Lubricants: Smooth Sailing Ahead

With the government moving fast to meet the latest emission norms and OEMs making further improvement in design, the lubricants industry is set to witness a major revolution in product innovation.

As per the common definition, ¨A lubricant is a substance introduced to reduce friction between surfaces in mutual contact, which ultimately reduces the heat generated when the surfaces move.¨ With the help of additives, lubricants may also perform the function of transmitting forces, transporting foreign particles, or heating or cooling surfaces.

The concept is changing day-by-day and year-after-year. With the change in designs of various equipment, varying climate conditions and the regular upgradation of emission norms, lubricants have undergone a drastic change in formulation and functional parameters. Last but not the least, the thrust on reduced emission, reduced fuel consumption, increased power output, extended equipment life, extended service intervals and overall increase in productivity, has made lubricant experts busy in their jobs to meet the demanding expectations from the user industry.

Current trends
The trends in the lubricant industry are directly linked to the requirements and demands from OEMs. As far as mining, construction and material handling equipment OEMs are concerned, they are now in the process of designing their equipment to get more performance output at the lowest energy consumption. This is where lubricants can play a vital role.

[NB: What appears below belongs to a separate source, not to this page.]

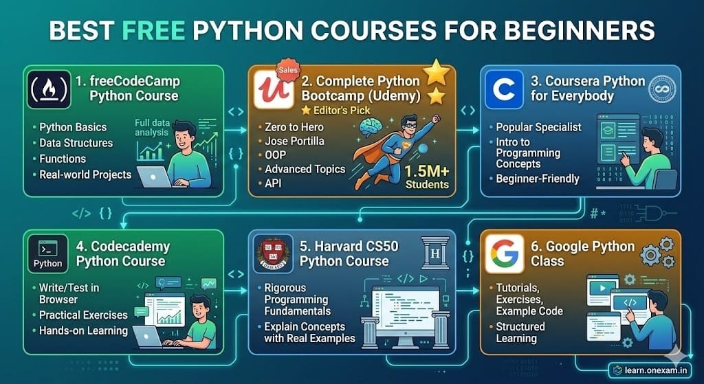 Looking for the best free Python courses for beginners in 2026? Python is the most beginner-friendly programming language in the

Akhil Jha, Vice President Technical, Shell Lubricants India, says ¨Shell sees the key five drivers in the HDDEO market. These drivers are influenced by hardware changes and new technology from the OEMs as well as legislative pressures regarding environmental concerns.¨

According to Sanjay Khemka, Director, Pensol Industries Ltd, the objective of a lubricant is to give more performance output with better reliability of equipment. He says, ¨Mining, construction and material handling equipment manufacturers tend to design their equipment in such a manner that more performance output with lower energy consumption is achieved, with a focus on energy saving. In the current scenario, the size of the equipment is reduced, but with the same output as given earlier. The lubrication system has also changed with equipment design; OEMs have also focused on designing compact equipment, giving better performance output and handling capacity. This results in more pressure on the lubricant in terms of oil thickness maintained at elevated temperature, reduced residence time, increased speed, load and temperature with more chance of contamination from outside. Oil has to perform well under the high speed, high temperature with load, sometime shock load. The lubricant has to give better oil film to reduce wear, protect equipment from corrosion and rusting, dissipate the heat and keep the system clean in harsh conditions.¨

Oil additives play a major role in improving the lubricant character support sustainability in extreme environmental conditions. Says Carlos Vernet, Marketing Manager, DYNAVIS®- Asia Pacific, Evonik Industries AG, ¨In terms of hydraulic equipment trends, we see that hydraulic fluid (HF) systems are working harder than ever: at higher operating pressures (5,000-6,500 psi/345-450 bar); and given that equipment is now designed to be smaller and lighter, the fluid spends less time in the reservoir, and as a consequence, there is less time for the fluid to cool down and eliminate entrained air. Furthermore, new environmental and safety regulations require equipment noise reduction. When encapsulation is utilised as the solution for noise reduction, the encapsulation slows fluid cooling. As a result, equipment is operating at higher temperatures (80°C-100°C), which has a direct and dramatic impact on hydraulic fluid viscosity performance.¨

Selection Procedure
Using the right lubricants can significantly reduce costs by cutting unplanned equipment downtime, thereby lowering maintenance costs and increasing equipment life and availability. The selection of the right lubricant will always depend on the equipment which is going to use it and the environmental conditions. According to Khemka, the first and foremost thing is to check for any OEM recommendation. Jha elaborates this point further, ¨The selection criteria start with the OEM specification for the particular lube recommendation. The OEM specs combined with operational challenges at a particular region will help in identifying the suitable lubricant. Other selection criterions are higher efficiency, higher equipment life, and energy consumption and disposal requirements.¨

Shell Lubricants offers a wide range of products and services designed to reduce the process and equipment ownership costs by reducing unplanned equipment downtime, extending oil and equipment life and lowering maintenance costs.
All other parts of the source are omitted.